Center for Integrative Genomics, University of Lausanne, Lausanne, Switzerland.
UMR Dynamique Musculaire et Métabolisme, INRA-CAMPUS SUPAGRO 2 place Viala, Montpellier Cedex 2, France.
Mol Metab. 2018 May;11:104-112. doi: 10.1016/j.molmet.2018.02.011. Epub 2018 Feb 26.
Aberrant hepatic glucose production contributes to the development of hyperglycemia and is a hallmark of type 2 diabetes. In a recent study, we showed that the transcription factor E2F1, a component of the cell cycle machinery, contributes to hepatic steatosis through the transcriptional regulation of key lipogenic enzymes. Here, we investigate if E2F1 contributes to hyperglycemia by regulating hepatic gluconeogenesis.
We use different genetic models to investigate if E2F1 regulates gluconeogenesis in primary hepatocytes and in vivo. We study the impact of depleting E2F1 or inhibiting E2F1 activity in diabetic mouse models to evaluate if this transcription factor contributes to hyperglycemia during insulin resistance. We analyze E2F1 mRNA levels in the livers of human diabetic patients to assess the relevance of E2F1 in human pathophysiology.
Lack of E2F1 impaired gluconeogenesis in primary hepatocytes. Conversely, E2F1 overexpression increased glucose production in hepatocytes and in mice. Several genetic models showed that the canonical CDK4-RB1-E2F1 pathway is directly involved in this regulation. E2F1 mRNA levels were increased in the livers from human diabetic patients and correlated with the expression of the gluconeogenic enzyme Pck1. Genetic invalidation or pharmacological inhibition of E2F1 improved glucose homeostasis in diabetic mouse models.

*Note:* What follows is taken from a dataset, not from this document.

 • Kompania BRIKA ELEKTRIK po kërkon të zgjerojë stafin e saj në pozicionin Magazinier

Our study unveils that the transcription factor E2F1 contributes to mammalian glucose homeostasis by directly controlling hepatic gluconeogenesis. Together with our previous finding that E2F1 promotes hepatic steatosis, the data presented here show that E2F1 contributes to both hyperlipidemia and hyperglycemia in diabetes, suggesting that specifically targeting E2F1 in the liver could be an interesting strategy for therapies against type 2 diabetes.
异常的肝葡萄糖生成导致高血糖的发生,是 2 型糖尿病的一个标志。在最近的一项研究中,我们表明细胞周期机制的转录因子 E2F1 通过关键的脂肪生成酶的转录调控,导致肝脂肪变性。在这里,我们研究 E2F1 是否通过调节肝糖异生来导致高血糖。

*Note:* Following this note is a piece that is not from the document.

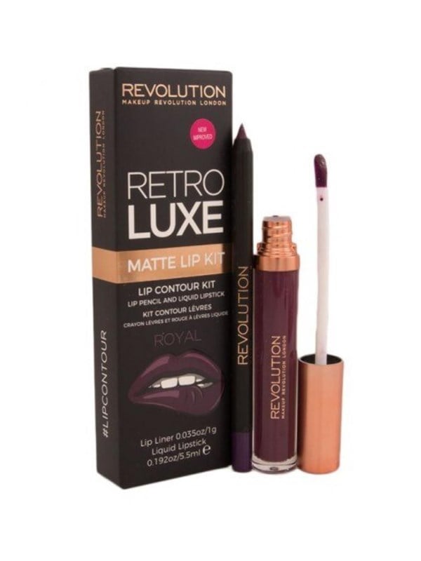 Makeup Revolution Set : Retro Luxe Matte Liquid Lipstick, Royal, 5.5 ml + Retro Luxe, Lip Liner, Royal, 1 g

我们使用不同的遗传模型来研究 E2F1 是否在原代肝细胞和体内调节糖异生。我们研究了在糖尿病小鼠模型中耗尽 E2F1 或抑制 E2F1 活性的影响,以评估该转录因子是否在胰岛素抵抗期间导致高血糖。我们分析了人类糖尿病患者肝脏中的 E2F1 mRNA 水平,以评估 E2F1 在人类病理生理学中的相关性。
缺乏 E2F1 可损害原代肝细胞中的糖异生。相反,E2F1 的过表达增加了肝细胞和小鼠中的葡萄糖产生。几种遗传模型表明,经典的 CDK4-RB1-E2F1 途径直接参与了这种调节。人类糖尿病患者肝脏中的 E2F1 mRNA 水平升高,与糖异生酶 Pck1 的表达相关。E2F1 的遗传失活或药理学抑制改善了糖尿病小鼠模型的葡萄糖稳态。
我们的研究揭示了转录因子 E2F1 通过直接控制肝糖异生,有助于哺乳动物的葡萄糖稳态。与我们之前发现的 E2F1 促进肝脂肪变性的发现一起,这里呈现的数据表明 E2F1 有助于糖尿病中的高脂血症和高血糖,这表明在肝脏中特异性靶向 E2F1 可能是针对 2 型糖尿病的治疗的一个有趣策略。